(THE DATA Opens)

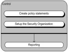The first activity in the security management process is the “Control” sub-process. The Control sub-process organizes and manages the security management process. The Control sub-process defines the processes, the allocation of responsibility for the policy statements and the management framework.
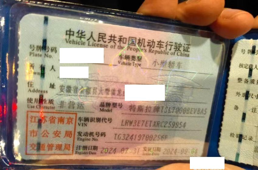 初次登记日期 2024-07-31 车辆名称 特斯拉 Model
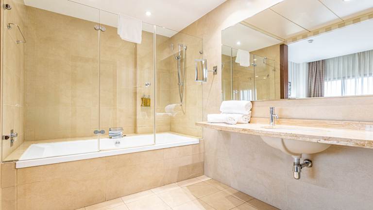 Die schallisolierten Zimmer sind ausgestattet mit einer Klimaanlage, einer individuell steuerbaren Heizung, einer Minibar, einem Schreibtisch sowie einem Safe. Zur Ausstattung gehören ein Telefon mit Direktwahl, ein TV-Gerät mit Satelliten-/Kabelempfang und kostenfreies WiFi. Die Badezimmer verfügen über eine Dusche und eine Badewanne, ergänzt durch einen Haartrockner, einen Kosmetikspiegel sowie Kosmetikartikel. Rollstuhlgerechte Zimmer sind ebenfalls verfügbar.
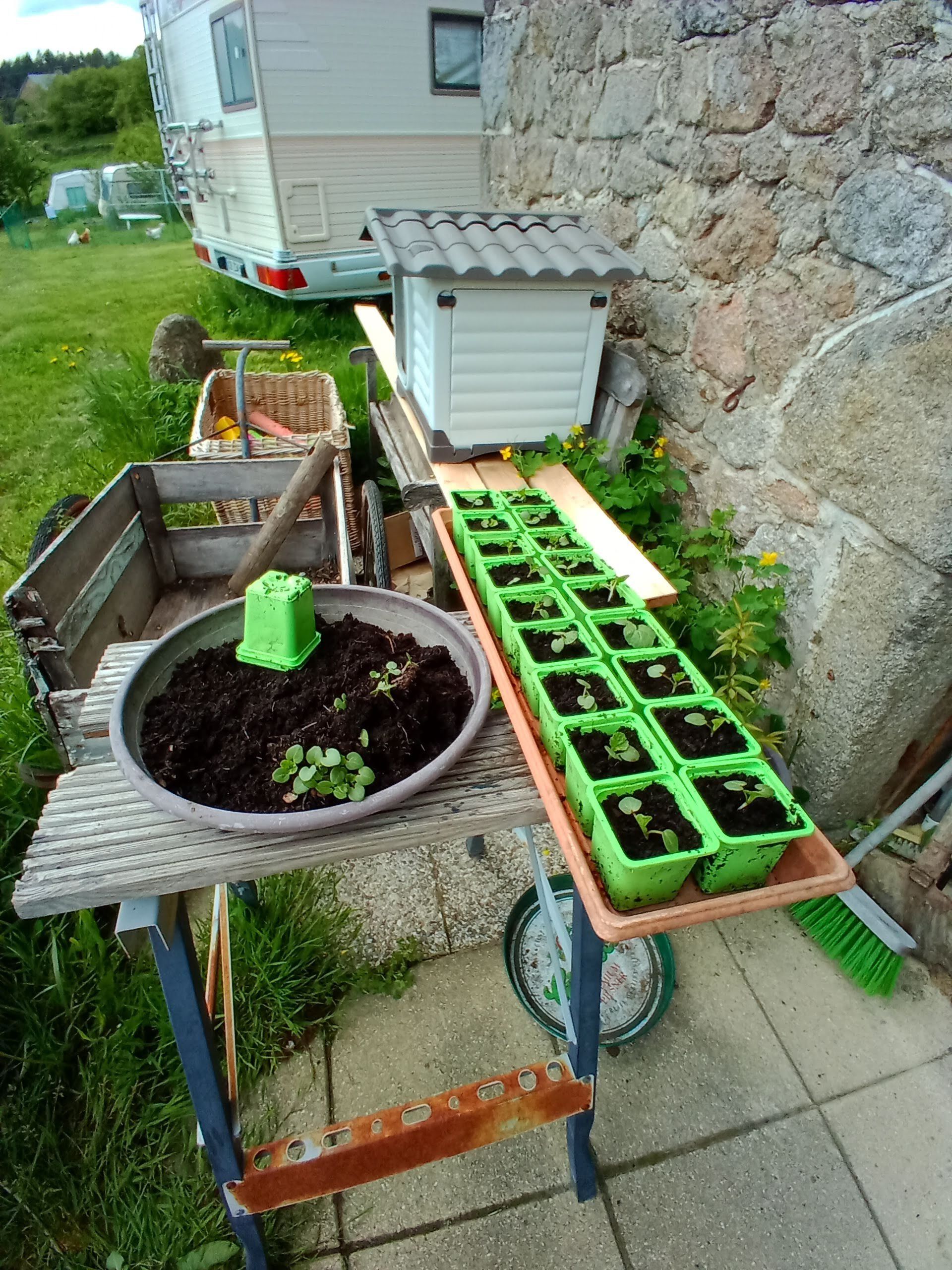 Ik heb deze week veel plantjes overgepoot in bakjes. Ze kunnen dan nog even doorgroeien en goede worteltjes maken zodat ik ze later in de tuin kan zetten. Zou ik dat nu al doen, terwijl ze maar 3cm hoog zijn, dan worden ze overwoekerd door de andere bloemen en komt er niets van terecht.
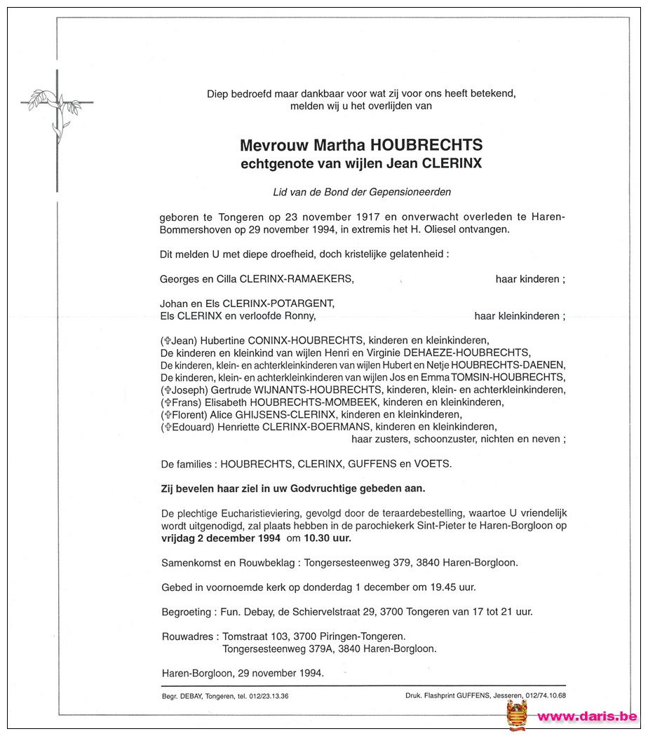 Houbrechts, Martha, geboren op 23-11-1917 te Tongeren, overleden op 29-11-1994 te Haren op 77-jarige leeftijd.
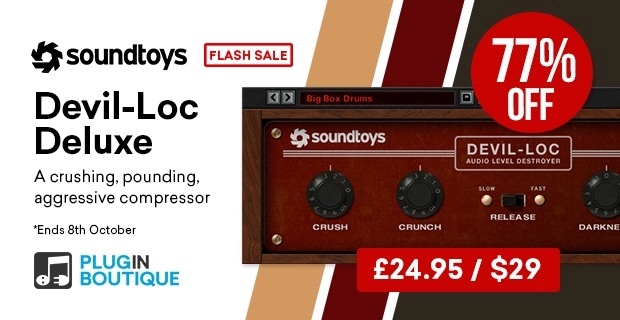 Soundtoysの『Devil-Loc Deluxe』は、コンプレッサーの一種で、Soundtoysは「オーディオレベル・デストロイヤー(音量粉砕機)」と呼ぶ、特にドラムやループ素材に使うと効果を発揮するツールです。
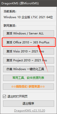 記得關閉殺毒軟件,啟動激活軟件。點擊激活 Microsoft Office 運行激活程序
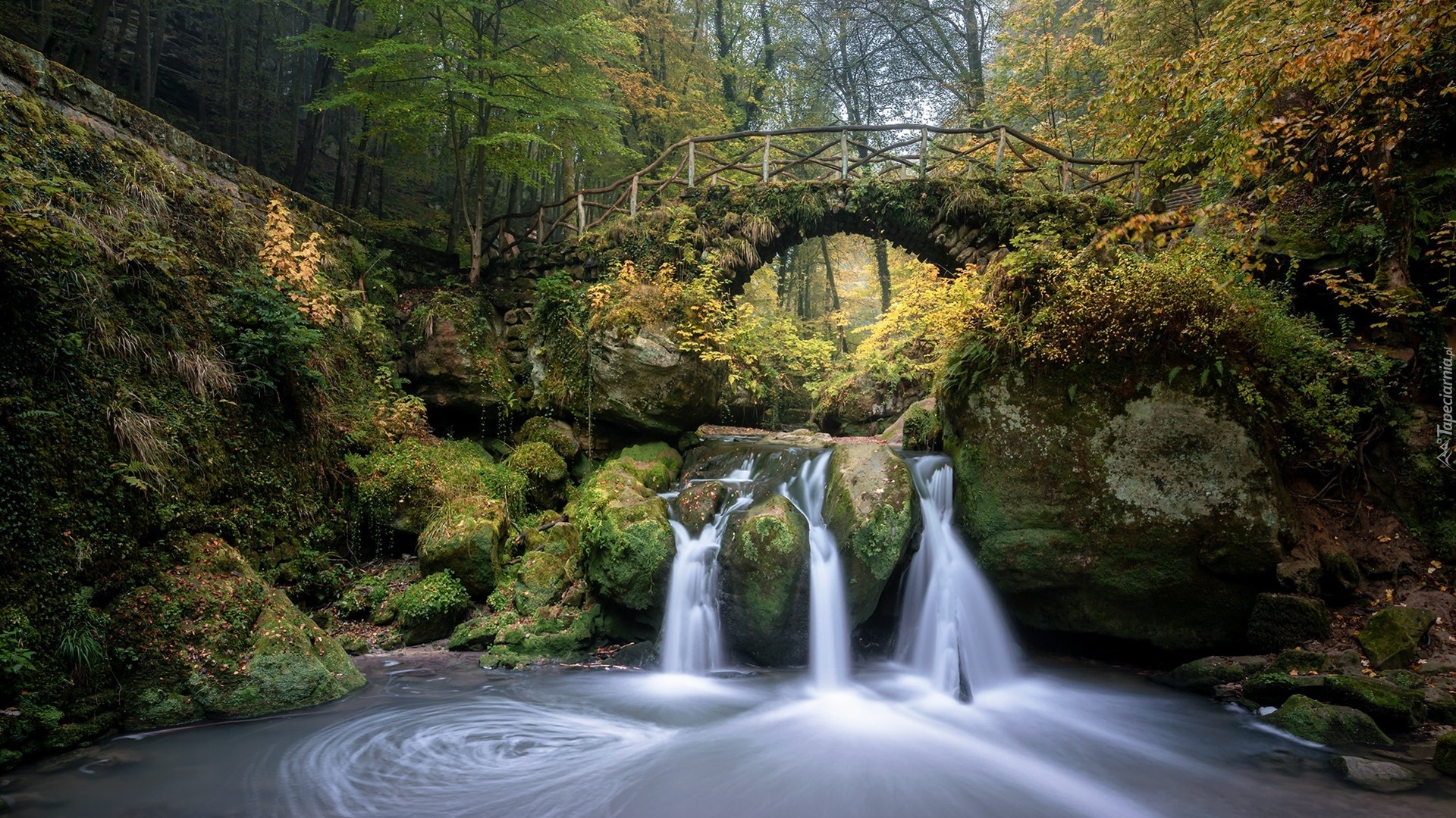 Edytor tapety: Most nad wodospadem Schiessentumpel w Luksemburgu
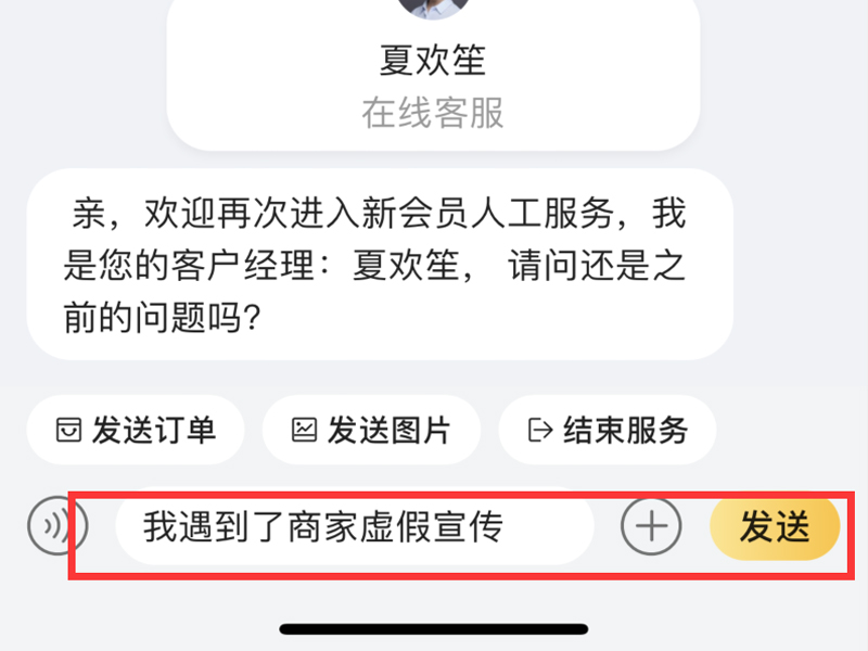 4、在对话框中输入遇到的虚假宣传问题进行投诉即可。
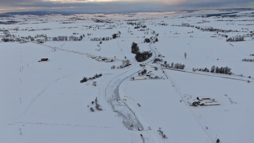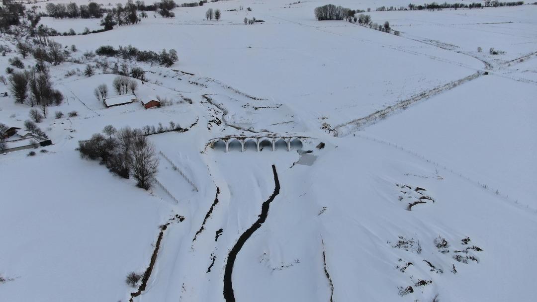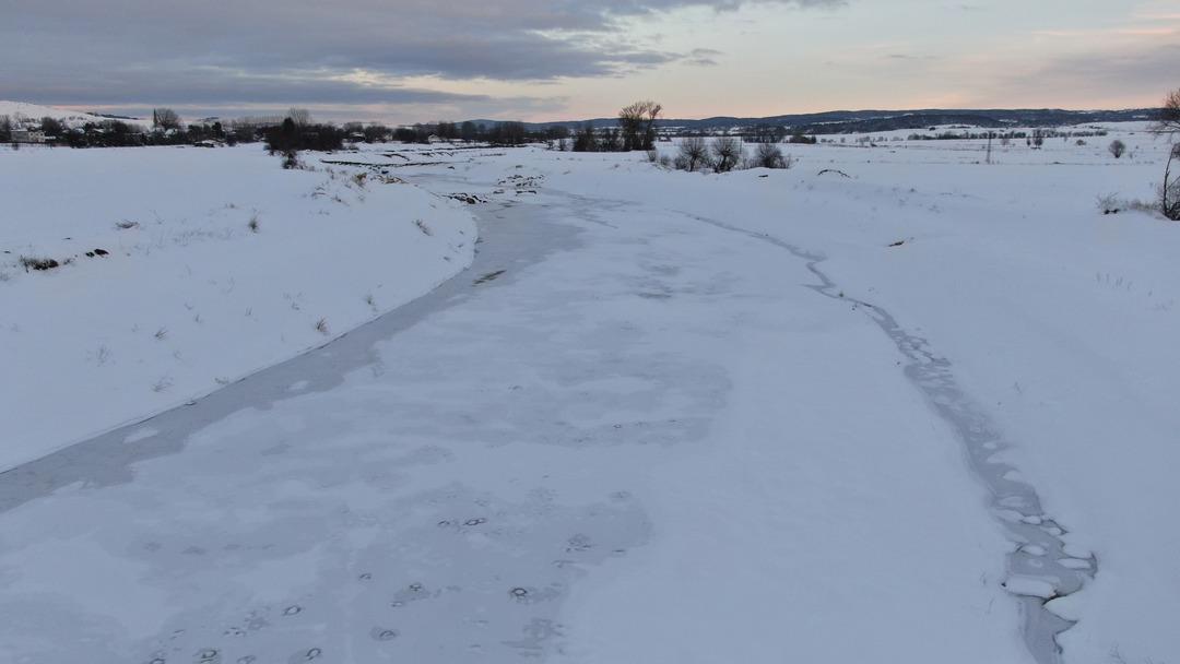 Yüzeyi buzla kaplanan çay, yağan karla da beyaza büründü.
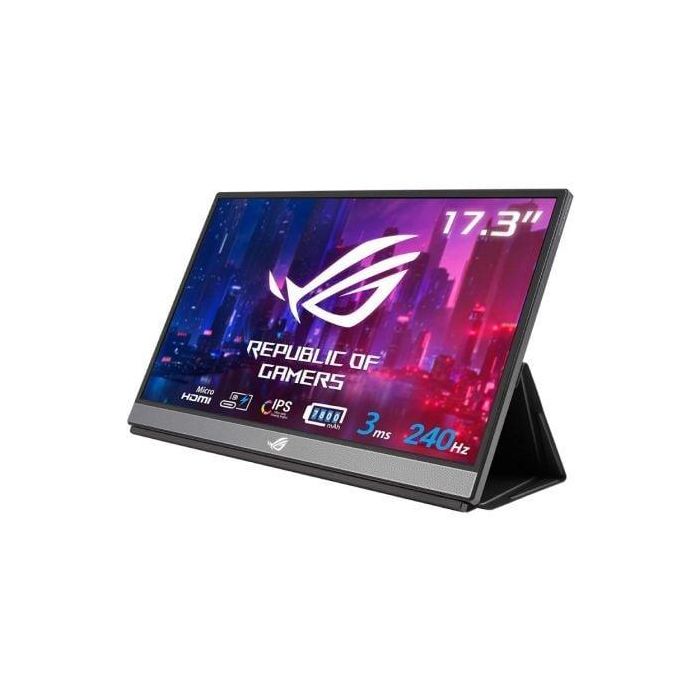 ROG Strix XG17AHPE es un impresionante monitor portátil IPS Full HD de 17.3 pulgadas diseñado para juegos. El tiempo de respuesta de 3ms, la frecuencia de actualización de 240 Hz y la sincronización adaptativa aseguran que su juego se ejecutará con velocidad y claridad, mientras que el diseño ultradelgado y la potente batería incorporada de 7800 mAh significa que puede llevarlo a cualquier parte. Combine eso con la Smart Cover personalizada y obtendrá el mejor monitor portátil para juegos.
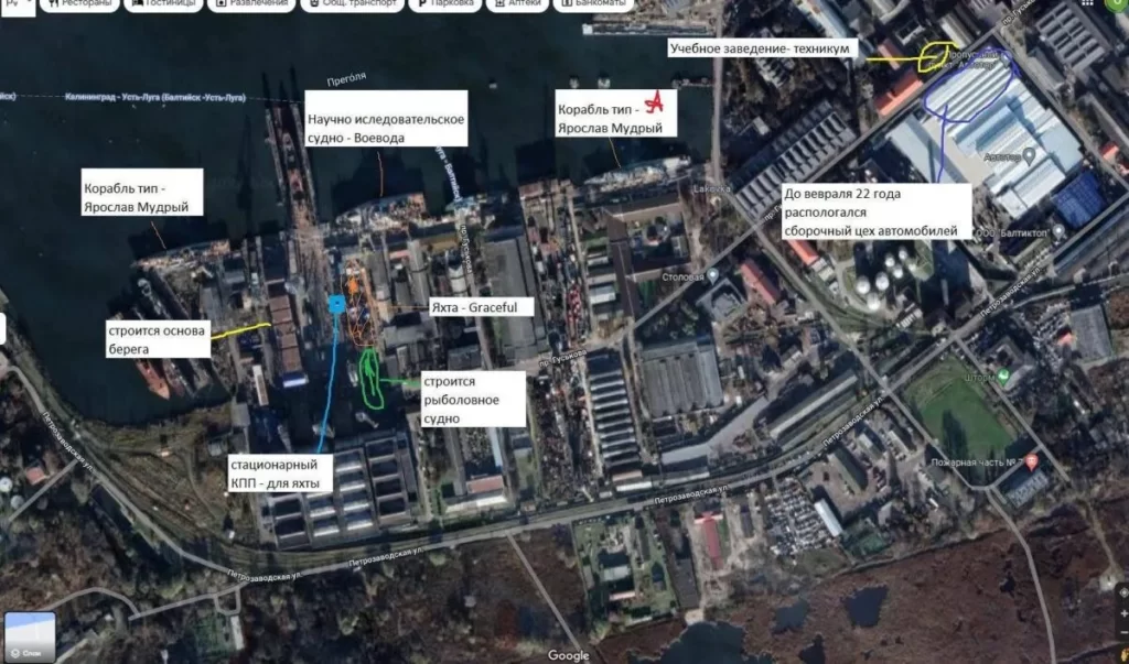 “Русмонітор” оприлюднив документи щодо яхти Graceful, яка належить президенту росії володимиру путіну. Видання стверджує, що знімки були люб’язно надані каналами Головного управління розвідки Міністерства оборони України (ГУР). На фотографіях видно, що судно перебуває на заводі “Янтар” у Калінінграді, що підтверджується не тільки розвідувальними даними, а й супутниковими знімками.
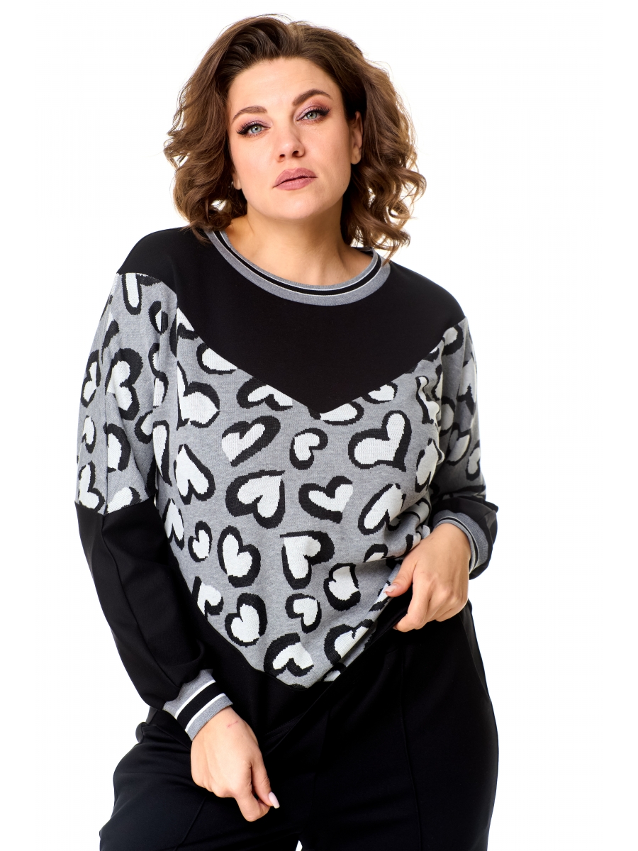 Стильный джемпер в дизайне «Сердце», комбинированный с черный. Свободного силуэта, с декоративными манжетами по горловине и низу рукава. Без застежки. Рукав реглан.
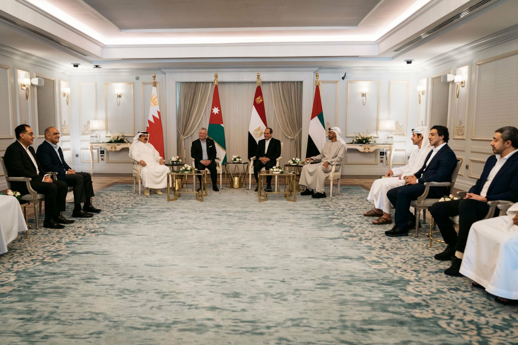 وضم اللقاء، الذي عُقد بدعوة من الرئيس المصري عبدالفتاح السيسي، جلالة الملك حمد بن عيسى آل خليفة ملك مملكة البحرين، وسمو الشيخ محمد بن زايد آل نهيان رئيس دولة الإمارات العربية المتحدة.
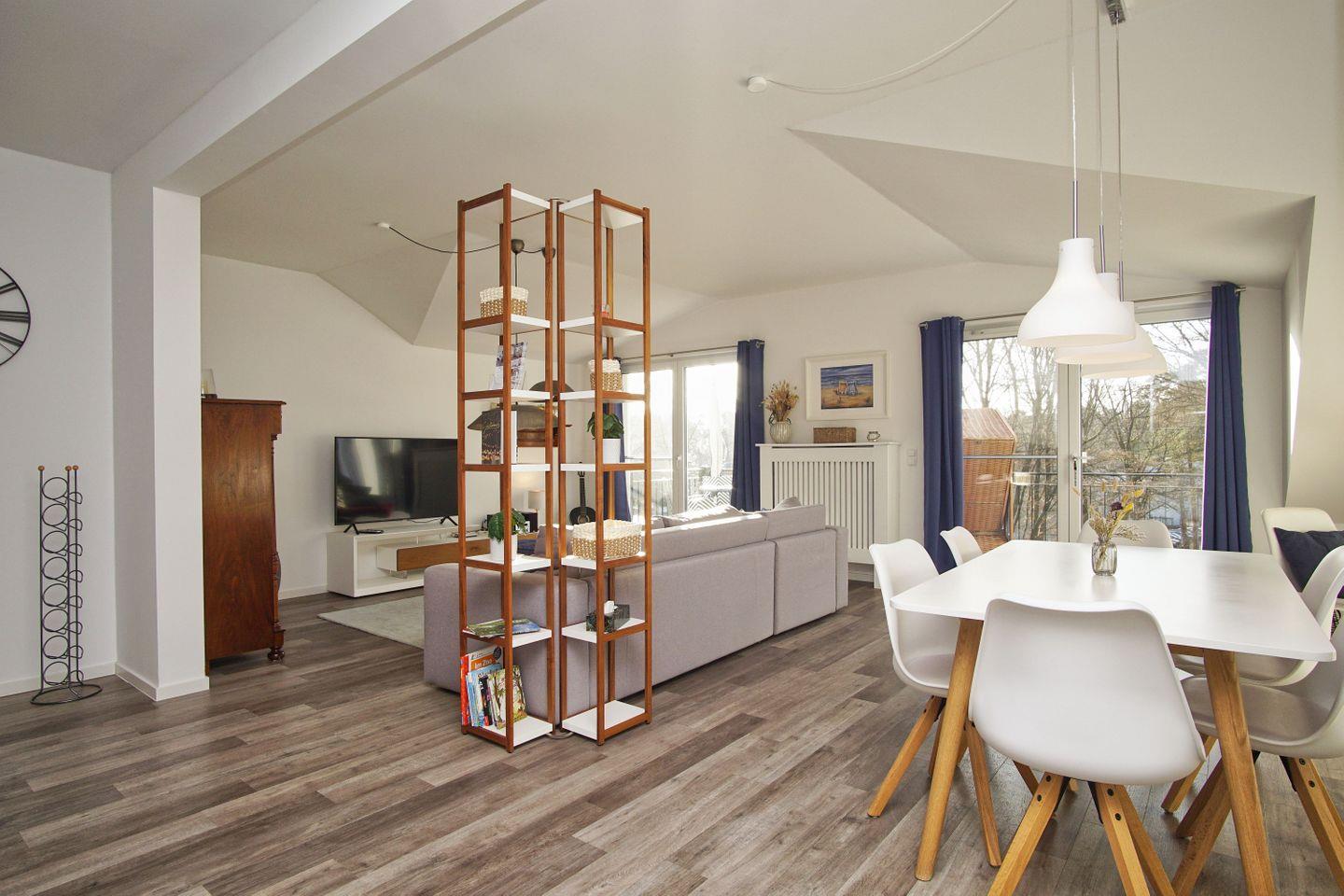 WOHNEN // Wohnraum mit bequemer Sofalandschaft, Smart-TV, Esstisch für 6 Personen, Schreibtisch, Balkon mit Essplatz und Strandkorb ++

(THE DATA Closes)

→ THE TASK
Every word of the material, and none of its pictures, should be set down again.

→ WRITTEN REPLY
The first activity in the security management process is the “Control” sub-process. The Control sub-process organizes and manages the security management process. The Control sub-process defines the processes, the allocation of responsibility for the policy statements and the management framework.
 初次登记日期 2024-07-31 车辆名称 特斯拉 Model
 Die schallisolierten Zimmer sind ausgestattet mit einer Klimaanlage, einer individuell steuerbaren Heizung, einer Minibar, einem Schreibtisch sowie einem Safe. Zur Ausstattung gehören ein Telefon mit Direktwahl, ein TV-Gerät mit Satelliten-/Kabelempfang und kostenfreies WiFi. Die Badezimmer verfügen über eine Dusche und eine Badewanne, ergänzt durch einen Haartrockner, einen Kosmetikspiegel sowie Kosmetikartikel. Rollstuhlgerechte Zimmer sind ebenfalls verfügbar.
 Ik heb deze week veel plantjes overgepoot in bakjes. Ze kunnen dan nog even doorgroeien en goede worteltjes maken zodat ik ze later in de tuin kan zetten. Zou ik dat nu al doen, terwijl ze maar 3cm hoog zijn, dan worden ze overwoekerd door de andere bloemen en komt er niets van terecht.
 Houbrechts, Martha, geboren op 23-11-1917 te Tongeren, overleden op 29-11-1994 te Haren op 77-jarige leeftijd.
 Soundtoysの『Devil-Loc Deluxe』は、コンプレッサーの一種で、Soundtoysは「オーディオレベル・デストロイヤー(音量粉砕機)」と呼ぶ、特にドラムやループ素材に使うと効果を発揮するツールです。
 記得關閉殺毒軟件,啟動激活軟件。點擊激活 Microsoft Office 運行激活程序
 Edytor tapety: Most nad wodospadem Schiessentumpel w Luksemburgu
 4、在对话框中输入遇到的虚假宣传问题进行投诉即可。
 Yüzeyi buzla kaplanan çay, yağan karla da beyaza büründü.
 ROG Strix XG17AHPE es un impresionante monitor portátil IPS Full HD de 17.3 pulgadas diseñado para juegos. El tiempo de respuesta de 3ms, la frecuencia de actualización de 240 Hz y la sincronización adaptativa aseguran que su juego se ejecutará con velocidad y claridad, mientras que el diseño ultradelgado y la potente batería incorporada de 7800 mAh significa que puede llevarlo a cualquier parte. Combine eso con la Smart Cover personalizada y obtendrá el mejor monitor portátil para juegos.
 “Русмонітор” оприлюднив документи щодо яхти Graceful, яка належить президенту росії володимиру путіну. Видання стверджує, що знімки були люб’язно надані каналами Головного управління розвідки Міністерства оборони України (ГУР). На фотографіях видно, що судно перебуває на заводі “Янтар” у Калінінграді, що підтверджується не тільки розвідувальними даними, а й супутниковими знімками.
 Стильный джемпер в дизайне «Сердце», комбинированный с черный. Свободного силуэта, с декоративными манжетами по горловине и низу рукава. Без застежки. Рукав реглан.
 وضم اللقاء، الذي عُقد بدعوة من الرئيس المصري عبدالفتاح السيسي، جلالة الملك حمد بن عيسى آل خليفة ملك مملكة البحرين، وسمو الشيخ محمد بن زايد آل نهيان رئيس دولة الإمارات العربية المتحدة.
 WOHNEN // Wohnraum mit bequemer Sofalandschaft, Smart-TV, Esstisch für 6 Personen, Schreibtisch, Balkon mit Essplatz und Strandkorb ++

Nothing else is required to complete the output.